- Native name: Олег Георгиевич Газенко
- Born: 12 December 1918 Nikolaevka village, North Caucasian Soviet Republic, Russian SFSR
- Died: 17 November 2007 (aged 88) Moscow, Russia
- Allegiance: Soviet Union
- Service years: 1941–1988
- Rank: Lieutenant-general
- Conflicts: World War II; Korean War;
- Awards: Order of Lenin;

= Oleg Gazenko =

Soviet scientist and general officer (1918–2007)

Oleg Georgievich Gazenko (Олег Георгиевич Газенко; 12 December 1918 - 17 November 2007) was a Russian military officer in the former Soviet Air Force and a program manager in the Soviet space program.

He headed the Institute of Biomedical Problems in Moscow and led a Soviet programme to train animals in space. Gazenko selected and trained Laika, the dog who flew on the 1957 Sputnik 2 mission.

==Early life and Second World War==
Gazenko was born on December 12, 1918, in the village of Mykolaivka, Stavropol Territory to George and Larissa Gazenko, née Nikitin.
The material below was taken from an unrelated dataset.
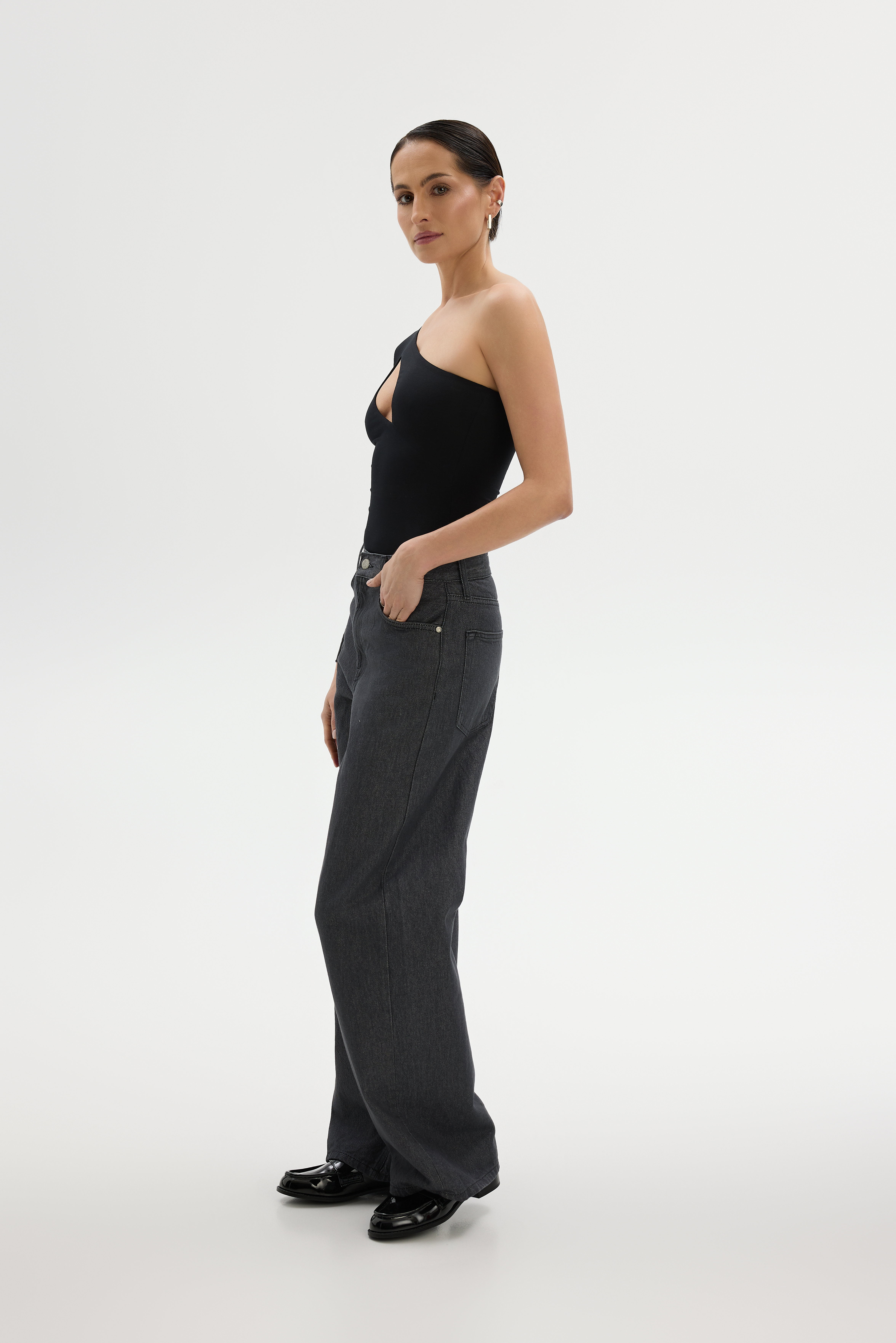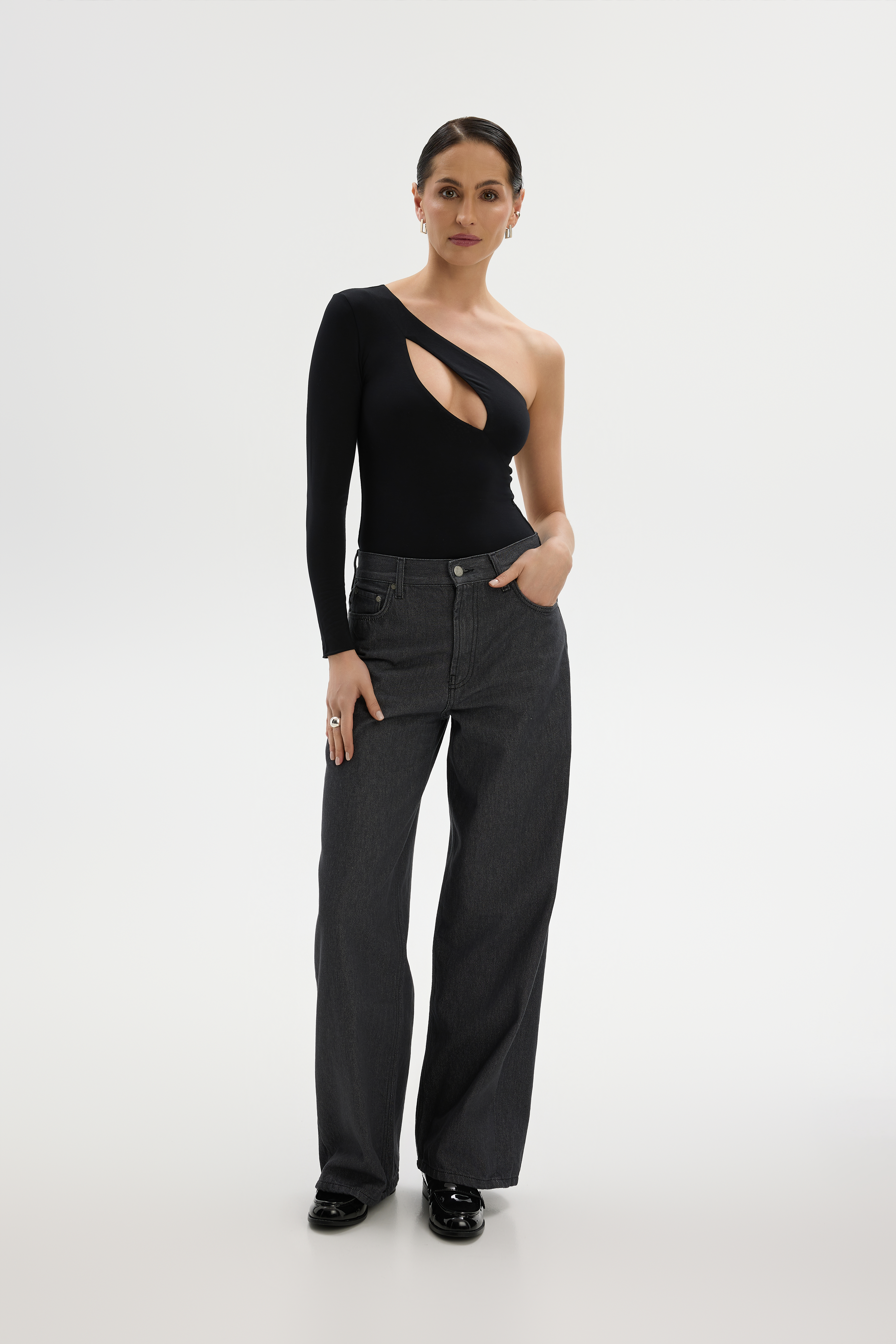 Incredibly sensual one shoulder bodysuit with long tight sleeves. The beautifully routed teardrop-shaped cut-out and exposed shoulder show off delicacy while adding a touch of spunk. The bodysuit is perfect for a date or for everyday styling. A different version of the bodysuit with a one-shoulder cut-out that is sure to pleasantly surprise its wearers. Made from a blend of viscose and elastane. The double layer of knitwear, seamless finish and elastic threads ensure a comfortable fit. Fastened with delicate springs. Nickel-free.

In 1941, Gazenko graduated from the Military Department of the 2nd Moscow Medical Institute as a medic 3rd rank (captain in the medical service). He and his whole class were immediately sent to the front. During the war, he served as the chief of an army hospital, 197th Battalion airfield services of the 15th Air Army in the West, South-Western, Bryansk, Baltic and Belorussian fronts, receiving several decorations for his service.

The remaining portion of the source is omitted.